IGUALA DE LA INDEPENDENCIA, Mexico – More bodies were pulled out of a mass grave in southern Mexico Sunday as authorities worked to determine if 43 students who vanished after a police shooting were among the dead.
At least 15 bodies have so far been dug out of pits discovered Saturday on a hill outside the town of Iguala, 200 kilometers (125 miles) south of Mexico City, two police officers at the scene told AFP.
The grim find came a week after the students disappeared when municipal police shot at buses they had seized to return home from Iguala, where survivors say they had conducted fundraising activities.
Witnesses say several of the students, who are from a teacher training college known as a hotbed of radical protests, were then whisked away in police vehicles.
Inaky Blanco, chief prosecutor the violence-plagued Guerrero state, said members of Iguala’s police force are part of a gang known as Guerreros Unidos, which is suspected of taking part in last week’s violence.
As anxious families awaited DNA tests to identify the bodies, hundreds of students partially blocked the highway between Acapulco and the state capital, Chilpancingo, on Sunday, holding signs reading “Fraudulent government that kills students.”
The site of the mass grave was cordoned off and guarded by scores of troops and police.
Authorities have yet to give an official number of bodies, but an officer at the scene said more were being recovered on Sunday.
Juan López Villanueva, an official from the National Human Rights Commission, said that six pits were found up a steep hill probably inaccessible by car.
Four forensic services vans left for the morgue late Saturday carrying nine bodies in silver bags. Authorities are conducting DNA analysis to identify the victims.
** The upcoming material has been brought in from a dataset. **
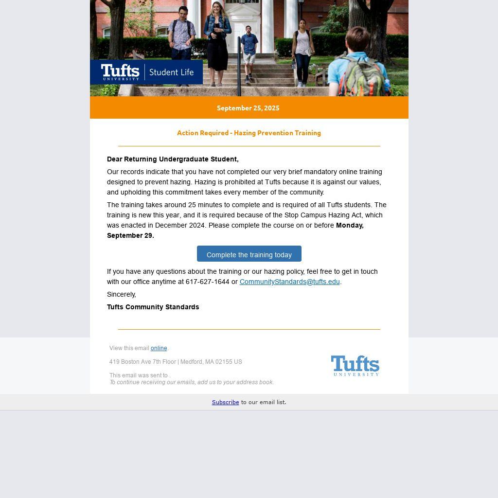 The training takes around 25 minutes to complete and is required of all Tufts students. The training is new this year, and it is required because of the Stop Campus Hazing Act, which was enacted in December 2024. Please complete the course on or before Monday, September 29.
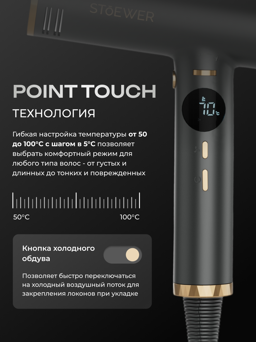 Фен для волос STOEWER Hair Bliss Pro — это профессиональный прибор с мощностью 1300 Вт и максимальной температурой нагрева до 100°C. В комплекте идут три насадки, включая диффузор и концентратор, что делает его универсальным для различных типов укладки. Он поддерживает 12 температурных режимов, функцию ионизации и подачу холодного воздуха, обеспечивая бережный уход за волосами. Фен оснащен независимой системой управления, дисплеем, защитой от перегрева и компактным дизайном, что упрощает его использование и хранение. Предназначен для профессионального применения.

The graves were found after some of the 30 suspects detained in the case told authorities about their location, Blanco said. The detainees include 22 police officers and gang members.
If the bodies are confirmed to be those of the students, it would be one of the worst slaughters that Mexico has witnessed since the drug war intensified in 2006, leaving 80,000 people dead to date.
‘Land of the wicked’
Three students were killed the night of the shooting.
Another three people died when police and suspected gang members shot at another bus carrying football players on the outskirts of town.
A survivor said in an interview that the officers took away 30 to 40 students in patrol cars.
In addition to arresting 22 local officers, prosecutors have issued an arrest warrant for Iguala’s mayor, who has fled.
In Pueblo Viejo, a hamlet surrounded by forests and mountains, a resident said the region is dominated by a drug gang and that he had seen municipal police officers going up the hill in recent days, before authorities discovered the mass grave.
“They were going up there back and forth,” said the resident, José García, pointing to a location between two mountains where the graves were found. “This is the land of the wicked.”
Savagely massacred
Governor Ángel Aguirre appealed for calm in his state, which is mired in poverty, gang violence and social unrest.
“I call on all [Guerrero state residents] to maintain harmony, non-confrontation, and avoid violence,” he said late Saturday, offering his support to the families of those who were “savagely massacred.”
The police’s links to organized crime has raised fears about the fate of the students in a country where drug cartels regularly hide bodies in mass graves.
Around 30 bodies were found this year in mass graves in Iguala, alone.
“We are very worried. The families are very anxious,” said Vidulfo Rosales, a human rights lawyer representing relatives of the missing.
The United Nations has called the case “one of the most terrible events of recent times.”